The next morning, Friday, Dismas Hardy made it downstairs at a few minutes past seven. Breakfast noises emanated from the dining room, but he walked directly across the kitchen first, to the coffeepot where he poured himself a cup. Turning right into the family room, toward the back of the house, he tapped the glass of his tropical fish tank and poured some food into it. All his dozen little fishies seemed to be in good health as they rocketed to the surface, the tank was algae-free, the pump gurgled with a quiet efficiency.

"You love those guys, don't you?" His wife, Frannie, stood in the doorway.

"Love might be a little strong, being reserved only for my mate." He crossed over and kissed her good morning. "That would be you, the mate."

"Loves wife more than goldfish," she said. "And people say the romance goes."

"Never with us. Except they're not goldfish, not at forty to sixty bucks a pop."

"Sixty dollars? And they weigh, what, one ounce?"

"That would be one of the big ones."

Frannie stared into the tank for a minute. "I'll never complain about the price of salmon again. Speaking of which, are you eating breakfast this morning? Because if you are, you'd better get in there. The lox is almost gone."

In ten seconds he was standing, glaring down at the dining room table. Both of his children were engrossed in their morning newspaper-Vincent on the comics, Rebecca with the rest of the "Datebook" section. A toasted half bagel rested in front of his regular chair at the head of the table, but there was no sign of any lox, although two small empty plates held traces of cream cheese and crumbs.

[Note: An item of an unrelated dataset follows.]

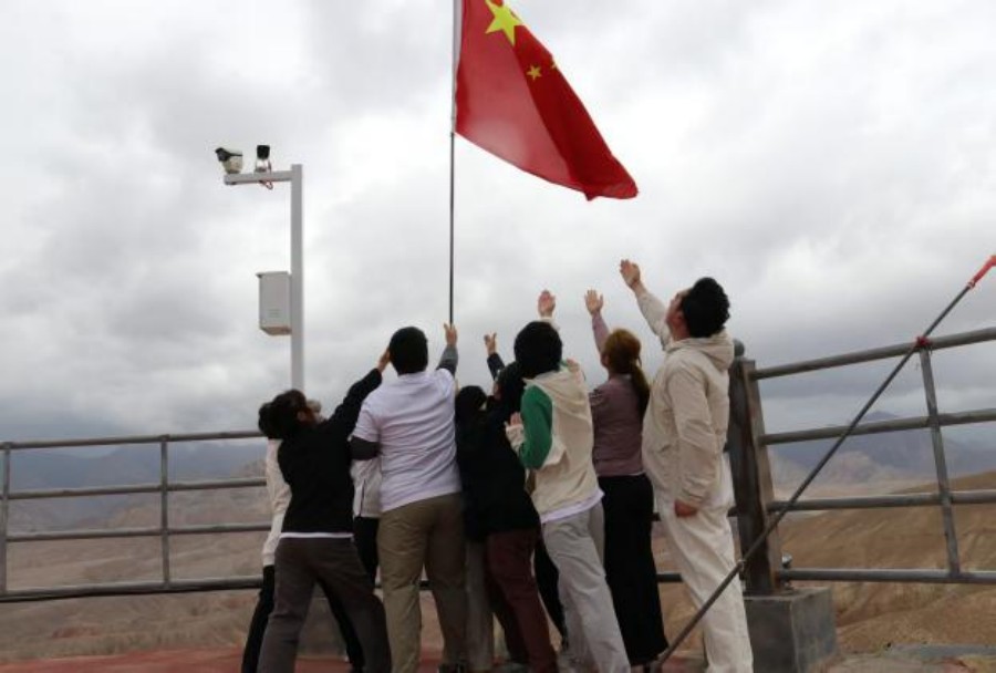 實(shí)踐團(tuán)成員們來到海拔約3300米,高19.99米,刻有中國(guó)西極地標(biāo)塔前,這是一幅雄渾而壯闊的畫卷,卻也充斥著讓人難以想象的艱苦。中國(guó)西極以自己獨(dú)特的姿態(tài),在祖國(guó)的西部版圖上書寫著屬于自己的篇章,這里不僅是地理意義上的“西極”,更是民族團(tuán)結(jié)、邊疆穩(wěn)定、生態(tài)優(yōu)美、發(fā)展進(jìn)步的生動(dòng)縮影。當(dāng)余暉穿透昆侖山脈的積血,灑在這片承載著“中國(guó)最后一縷陽(yáng)光”記憶的土地上時(shí),隊(duì)員們肅立在祖國(guó)最西陲,“我愛你中國(guó)”的吶喊聲響徹蒼穹,包含著對(duì)祖國(guó)最真摯、最深沉的熱愛。

"Vincent," Frannie didn't wait to analyze, "didn't I ask you to save some lox for your father?"

The boy looked up in total affront, hands to his chest, all outraged innocence. "Hey, it's not me. I did." He pointed across the table. "Talk to her."

The Beck was a step ahead of her mother. "I didn't hear you say that." She turned to her father. "I would have, Dad-you know I would."

But Hardy didn't get a chance to answer her. This, evidently, hadn't been the first moment of friction between the women in the house this morning, and Fran-nie's frustration now boiled over a bit. "You were sitting right where you are now when I said it," she said. "How could you not have heard me?"

"I thought you were talking to Vincent."

"So you turned your hearing aid off? Was that it? You know I was talking to both of you."

"Okay, but I just didn't hear you. I didn't think you were talking to me, okay?"